Banking crises are difficult to prevent and why Swiss economic historian Tobias Straumann is skeptical of the «new» UBS. It could become too big for the Swiss financial center. Some precautions could help ensure a debacle like Credit Suisse doesn't happen again.

Less than a week before the announcement of the final integration of Credit Suisse into UBS, Swiss economic historian Tobias Straumann believes a major banking crisis in Switzerland is likely in ten or 15 years. «UBS is not safe,» he said Wednesday at a conference of the Fachschule für Bankwirtschaft (FSB) in Zurich.
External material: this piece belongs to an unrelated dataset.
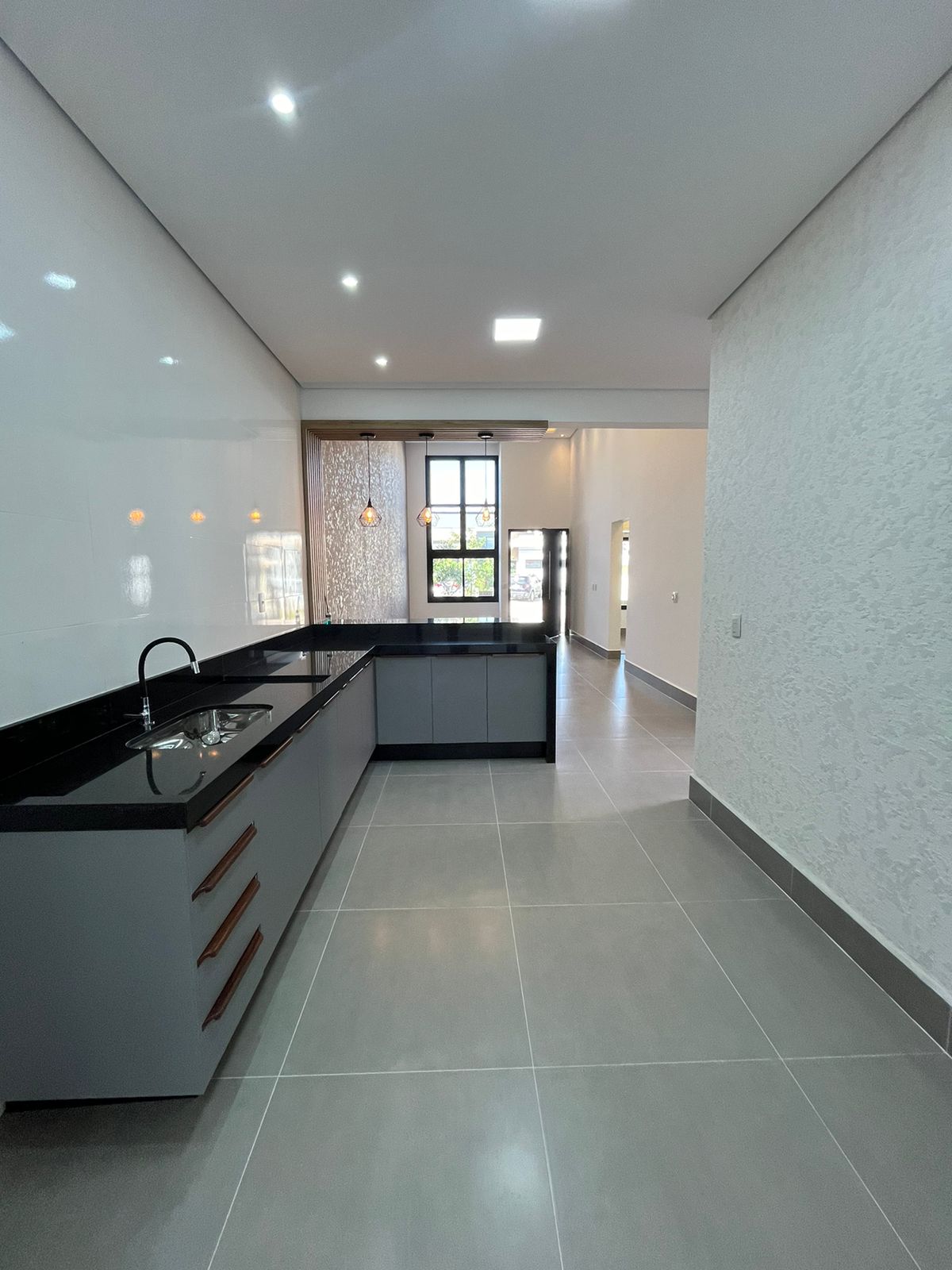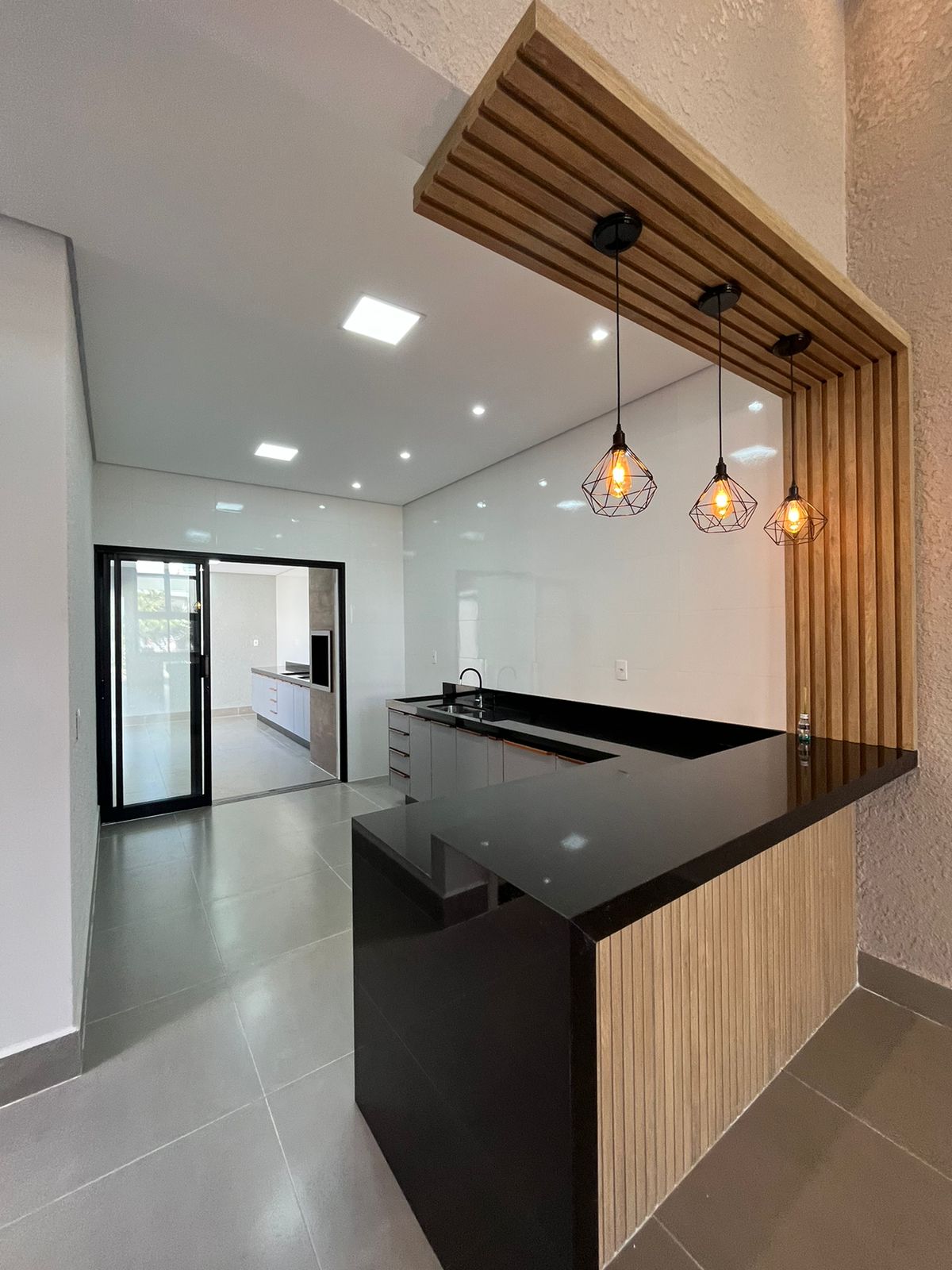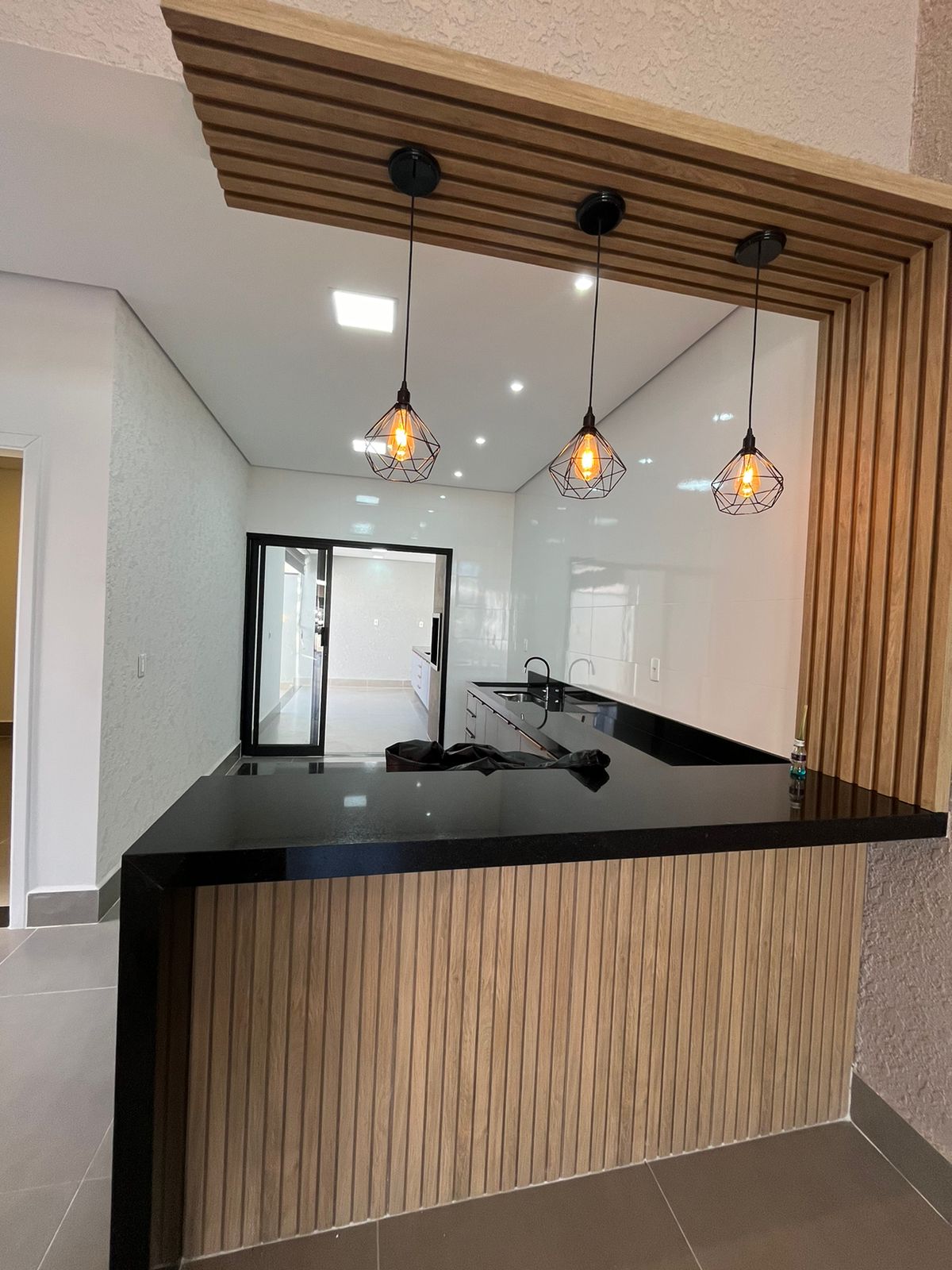 * Cozinha com pia e balcão em granito preto. O gabinete com gavetas e o balcão em detalhes de madeira com luminárias charmosas fazendo a diferença;

Straumann's bleak prediction isn't primarily related to the future organization of UBS, which will be fully unveiled next week, but mainly to historical logic and the fortunes or notorious inability of the supervisory authorities. In making his case he laid out the global relationship between capital mobility and the number of banking crises.

Capital Mobility is Crucial

With greater globalization comes greater capital mobility, resulting in more banking crises. This was evident between 1880 and 1914 when the degree of economic openness was very high as were the number of banking crises, as the chart below shows.
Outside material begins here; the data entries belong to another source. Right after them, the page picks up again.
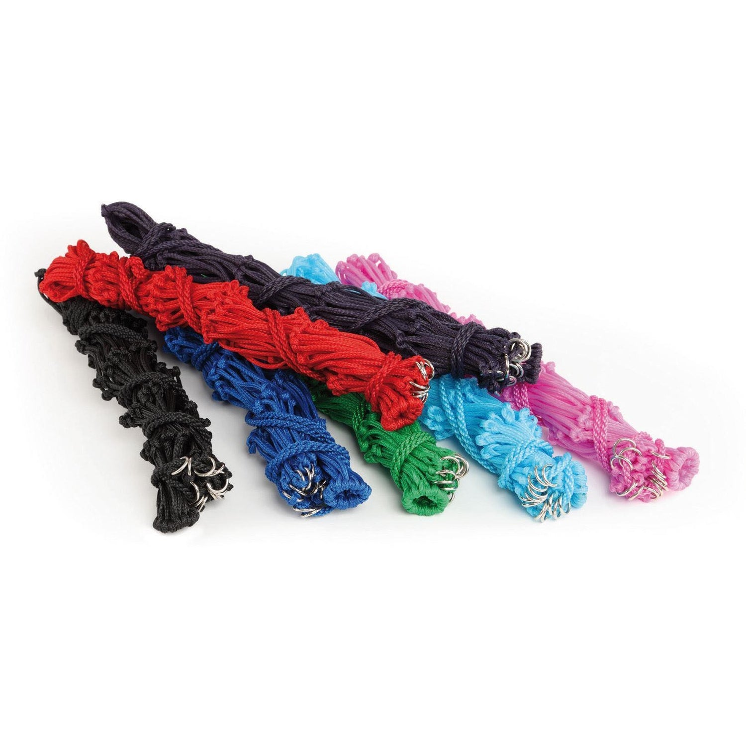 Filet à foin en nylon extra résistant avec des trous plus grands et des anneaux métalliques. Taille des mailles 10 cm (4") Capacité 6,5 kg
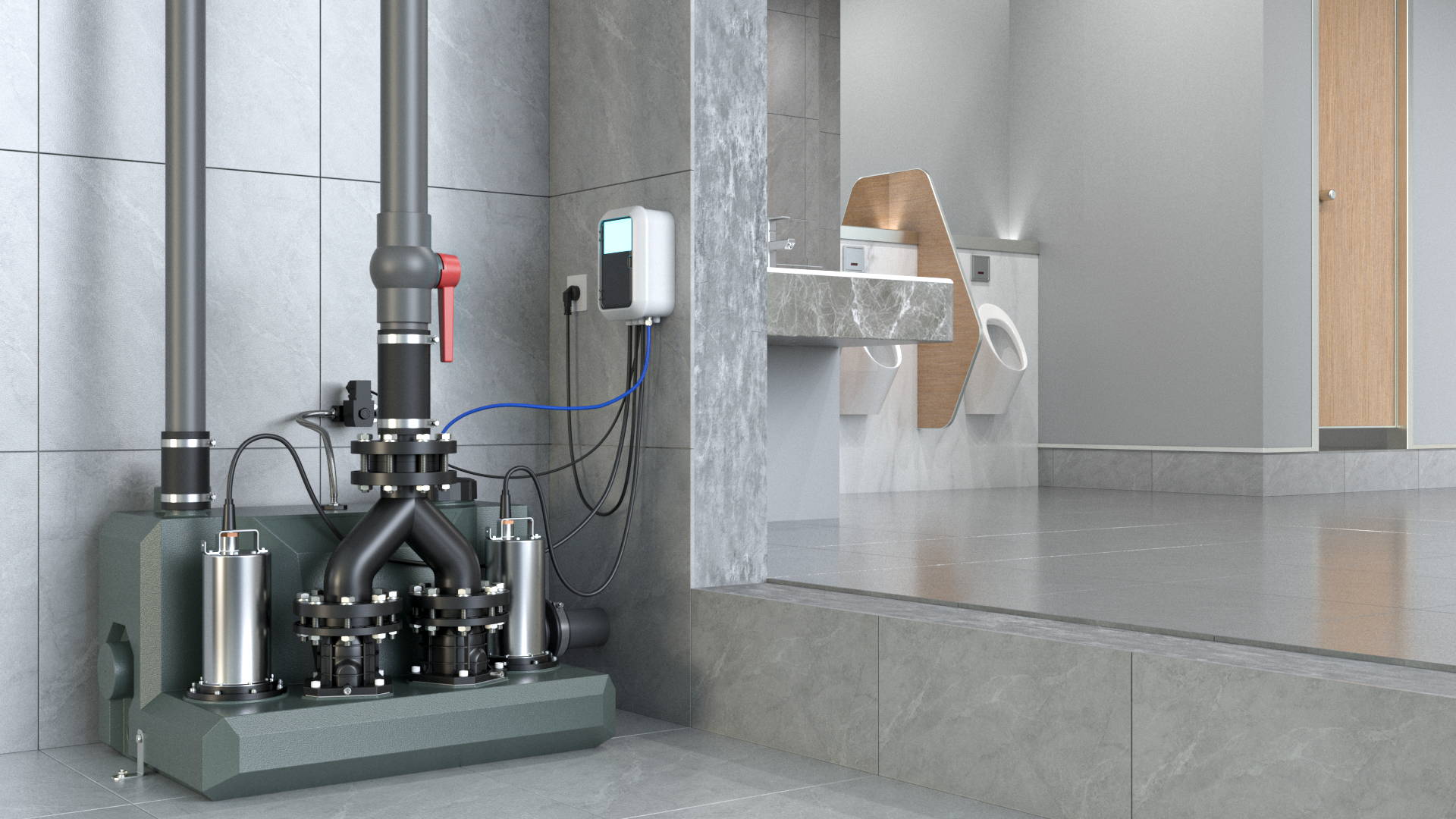 在大型別墅的下躍層或是大中型的地下商業場所,像是地下商超,地下健身房,亦或是地鐵站的衛生間,機場的地下用水空間,我們往往會選擇雙泵系統的污水提升泵站,這樣解決地下室的排水問題會更加穩妥。
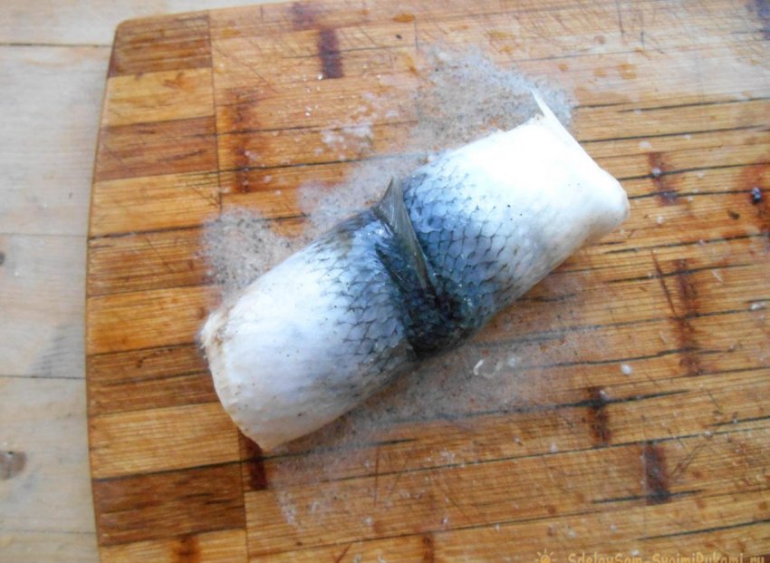 У рыбы отрежьте голову и хвост.
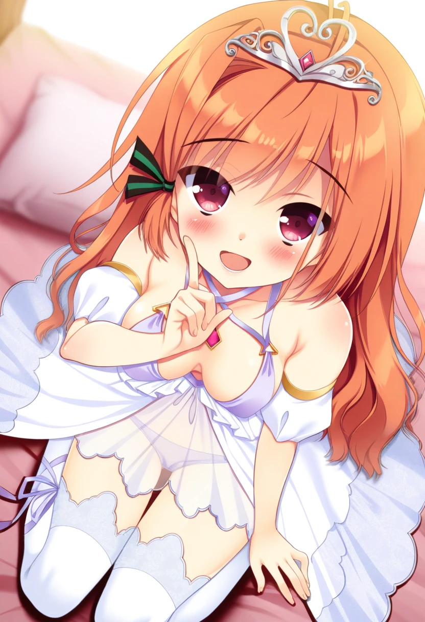 white babydoll,two-tone babydoll,detached sleeves,lace trim,frilled thighhighs,grey tiara,tiara,white thighhighs,leg ribbon,see-through,purple panties,jewelry,

 (Source: Carmen Reinhart, 2010; click chart to enlarge)

A similar pattern emerged in the 1980s and 1990s when globalization culminated in the dot-com bubble bursting. Unsurprisingly, more banking crises occur in times of rising or higher interest rates, which could be a cause for concern in the coming years as illustrated in the chart below.

Fed 500

(Source: Bloomberg/FT; click chart to enlarge)

The Adventure of Winding Down a Major Bank

The main determinant of whether there will be another Swiss banking crisis is whether the government and authorities implement a regulatory framework that would've avoided the situation that led to Credit Suisse's demise. Straumann said measures to reduce high-risk transactions by large banks have been demanded by the federal government for 25 years.

Such demands come to nothing for a simple reason. Economists Armin Jans, Christoph Lengwiler, and Marco Passardi wrote in their analysis «Crisis-proof Swiss Banks» that despite all the preparations, the liquidation of a major bank will remain an adventure, so the bank's management and Finma have strong incentives to delay resolution proceedings as long as possible.

Calling the Financial Fire Department

The authors sum up the dilemma over Credit Suisse. There's much to suggest that an earlier and more forceful intervention by Finma and the Swiss National Bank (SNB) might have prevented some things from happening. Better coordination between the SNB and Finma would certainly have been beneficial, Straumann explains.

He compares avoiding a banking crisis to fighting a fire. In addition to building regulations and building insurance, what is needed above all is a «financial fire department» that intervenes during a liquidity crisis or bank run. It can set limits for capital withdrawals, extend collateral for clients, or impose stricter regulations.

Another option is to introduce thresholds for credit default swaps that would force the authorities to intervene when breached, suggests Swiss finance professor Heinz Zimmermann.

Bold Consideration

Straumann's idea of increasing the equity ratio to such an extent that a bank like UBS would move its international business abroad for cost reasons is audacious since it would lead to losses initially. The «super UBS» now in the making represents an unfavorable and risky cost/benefit ratio for the Swiss financial industry. «Such a UBS would no longer be in the interests of the Swiss financial center,» Straumann observes.

Cooperation between Finma and the SNB is likely to determine whether and how another banking crisis will play out. Calls to build up more competence at Finma and increase the SNB's willingness to place its authority increasingly in the service of the supervisory authority might seem a stretch but shouldn't be dismissed out of hand.